In normalized v3 payloads, symbol entries use compact indexed fields such as i (local machine ID), c (canonical machine ID when needed), p (path

index), q (qualname index), k (kind index), l1 / l2 (line range), plus optional o (owner class ID), d (decorator indexes), and pt (purpose-text index).

Lookup maps

Use repositories[].lookup when you need constant-shape access instead of scanning arrays.

Useful maps include:

file_by_path: Path to a compact file summary with part and href metadata.
part_by_file: Path to the emitted markdown file containing that file body.
symbols_by_file / display_symbols_by_file: File-to-symbol membership by machine or display IDs.
file_by_symbol / file_by_display_symbol: Symbol-to-file reverse indexes.
symbol_by_local_id / symbol_by_display_local_id: Direct symbol entry lookup by occurrence ID.
symbols_by_canonical_id / symbols_by_display_id: Grouped symbol entries for canonical-body lookups.

In v2 payloads, check repositories[].index_json_features first. If lookup is false, consumers should scan files[] and symbols[] directly instead of assuming lookup is present. If symbol_index_lines is false, compact payloads intentionally omit index_markdown_lines even for unsplit packs.

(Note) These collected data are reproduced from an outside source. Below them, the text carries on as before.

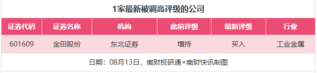 评级调高方面,8月13日,券商调高上市公司评级达到1家次,东北证券对金田股份的评级从“增持”调高至“买入”。
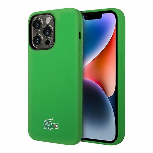 Lacoste для iPhone 14 Pro чехол Liquid silicone Croc Logo Hard Green
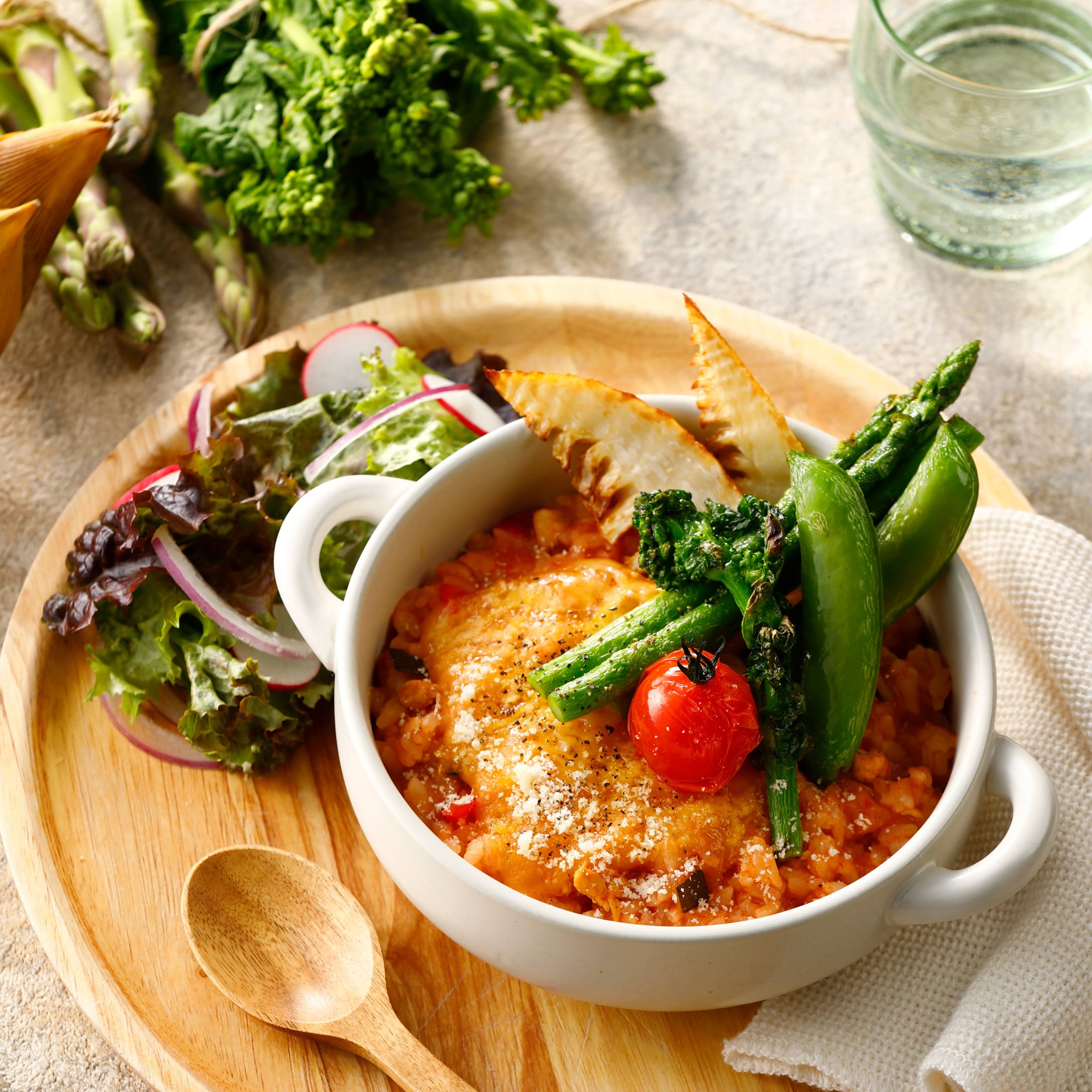 トマトをベースに旬の春野菜も楽しめる季節限定のリゾットです。リゾットにはトマトの他にも数種類の野菜や鶏肉などを使用して仕上げることで、旨味と酸味を引き出しました。また、マイルドな味わいが特徴のチェダーチーズをのせて焼き上げているため、混ぜてお召し上がりいただくことで、トマトの酸味がまろやかになり、ひと味違った美味しさもお楽しみいただけます。そして、旬を迎える春野菜から、たけのこや菜の花、アスパラを素揚げにしてトッピング。素材そのものの味わいはもちろん、豊かな彩りとともにお楽しみください。
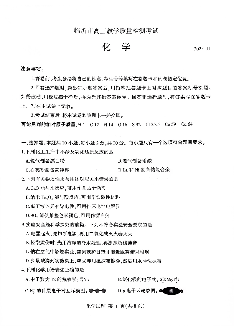 临沂市高三教学质量检测考试 化学.pdf
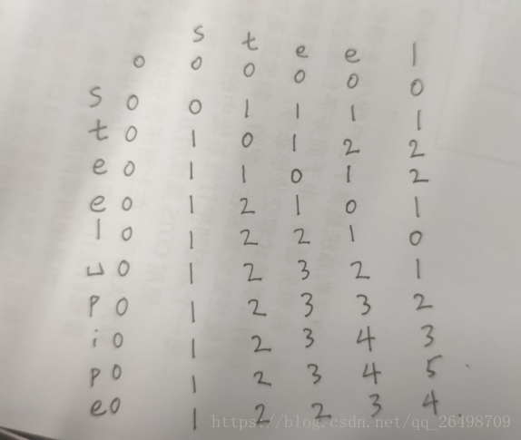 如果 s[i]=t[j],则 cost=0;如果 s[i]!=t[j],则 cost=1。将 d[i,j] 设置为以下三个值中的最小值:

Normalized v3 payloads intentionally do not include the v2 lookup maps. Use the intern tables plus files[], classes[], symbols[], and the optional analysis sections directly.

Locator semantics

Locator fields are intended to be truthful with respect to the emitted markdown.

In unsplit output:

anchor hrefs are available
line ranges are also available
compact navigation still preserves machine-targetable anchors
locator_space = markdown points locators.markdown into context.md

In split output:

hrefs still point to the actual .index.md or .partN.md file
unsplit line ranges are omitted
locators.split_part provides stable line ranges inside the split artifact
consumers should follow part_path and hrefs instead of assuming a single markdown file

When --emit-standalone-unpacker is enabled:

locator_space = auto resolves to reconstructed locators
file and symbol locators.reconstructed point at the unpacked file tree
combined multi-repo packs prefix reconstructed paths with the repository slug

If a locator field is present, it should resolve against the written output.

Validation helper

codecrate.validate_index_json.validate_index_payload() validates internal sidecar consistency.

It checks:

output file existence when a base directory is provided
href targets and anchor existence for v1/v2 payloads
part/file/symbol cross references
line-range validity
lookup map consistency for v1/v2 payloads
normalized-table index validity for v3 payloads

Example:

import json
from pathlib import Path

from codecrate.validate_index_json import validate_index_payload

payload = json.loads(Path("context.index.json").read_text(encoding="utf-8"))
errors = validate_index_payload(payload, base_dir=Path("."))
if errors:
    raise SystemExit("\n".join(errors))

Query recipes

The schema reference is only half of the consumer story. Common recipes:

find the file for a symbol:

python examples/find_symbol_file.py context.index.json codecrate.cli:main

list entrypoints plus their reachable file counts:

python examples/list_entrypoints.py context.index.json

locate related tests for a changed file:

python examples/find_related_tests.py context.index.json codecrate/pack_pipeline.py

prefer reconstructed locators when they exist:

python examples/prefer_reconstructed_locators.py context.index.json codecrate/cli.py

read normalized tables correctly:

python examples/read_normalized_tables.py context.index.json

Consumer guidance

For most tooling:

start with repositories[].lookup when you already know a path or ID
use repositories[].files[] to locate the rendered file body
use repositories[].symbols[] when symbol identity or canonical bodies matter
use repositories[].parts[] to drive split-output retrieval UIs

Prefer machine IDs for stable automation and display IDs only when you need to match existing markdown anchors or present short identifiers to users.